We use the dataset wheat_breeding in makemyprior, which consists of indexes for the effects and precision matrices for each of the genetic effects, and present three priors.

We scale the precision matrices so the corresponding covariance matrices have typical variance equal to 1 with scale_precmat.

wheat_data_scaled <- wheat_data
wheat_data_scaled$Q_a <- scale_precmat(wheat_data$Q_a)
wheat_data_scaled$Q_d <- scale_precmat(wheat_data$Q_d)
wheat_data_scaled$Q_x <- scale_precmat(wheat_data$Q_x)

formula <- y ~
  mc(a, model = "generic0", Cmatrix = Q_a, constr = TRUE) +
  mc(d, model = "generic0", Cmatrix = Q_d, constr = TRUE) +
  mc(x, model = "generic0", Cmatrix = Q_x, constr = TRUE)

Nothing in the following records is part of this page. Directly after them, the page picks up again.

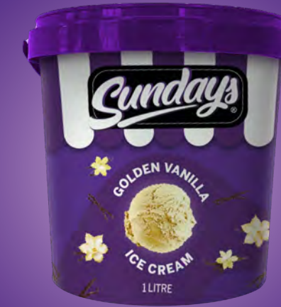
Golden Vanilla Ice Cream 1 Litre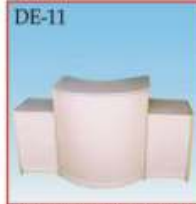
DE-11 Deluxe Reception Counter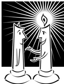
Jesus Is the Light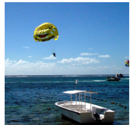
Honeymoon couples doing it as it should be done...

(You'll find a general overview and more about (getting married in Mauritius here) and more about getting married at Long Beach, specifically, here .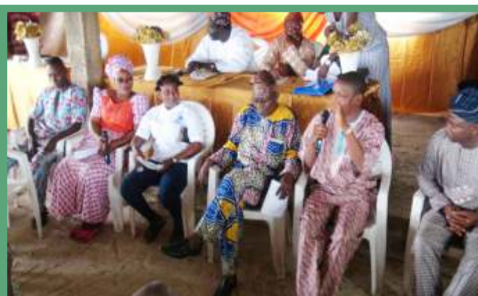
Cele Rainbow: Mobilization through Drama Presentation by the Social Team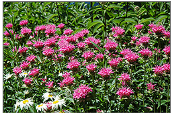
Marshall's Delight Beebalm flowers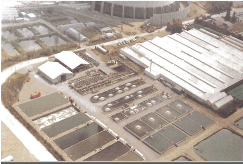
*Intensive fish farming of tilapia, carp and catfish at Tihange in Belgium using water from the nuclear power station, photo taken in 1991.

We do not carry out inference, as it takes time and will slow down the compilation of the vignettes by a lot, but include code so the user can run the inference themselves.

Prior 1

We do not want to say anything about the total (also called phenotypic) variance. We have expert knowledge saying that we want shrinkage towards the residual effect to avoid overfitting, and the heritability, which is the amount of phenotypic variance attributed to the genetic effects, is around 0.25. The additive, dominance and epistasis effects get about (85, 10, 5)% of the genetic variance according to the expert. The expert is quite sure about these choices, and we use a concentration parameter \(c\), saying how much of the density mass of the prior such that \(\mathrm{Prob}(\mathrm{logit}(1/4) < \mathrm{logit}(\omega_*) - \mathrm{logit}(m) < \mathrm{logit}(3/4)) = c\) for a variance proportion \(\omega_*\).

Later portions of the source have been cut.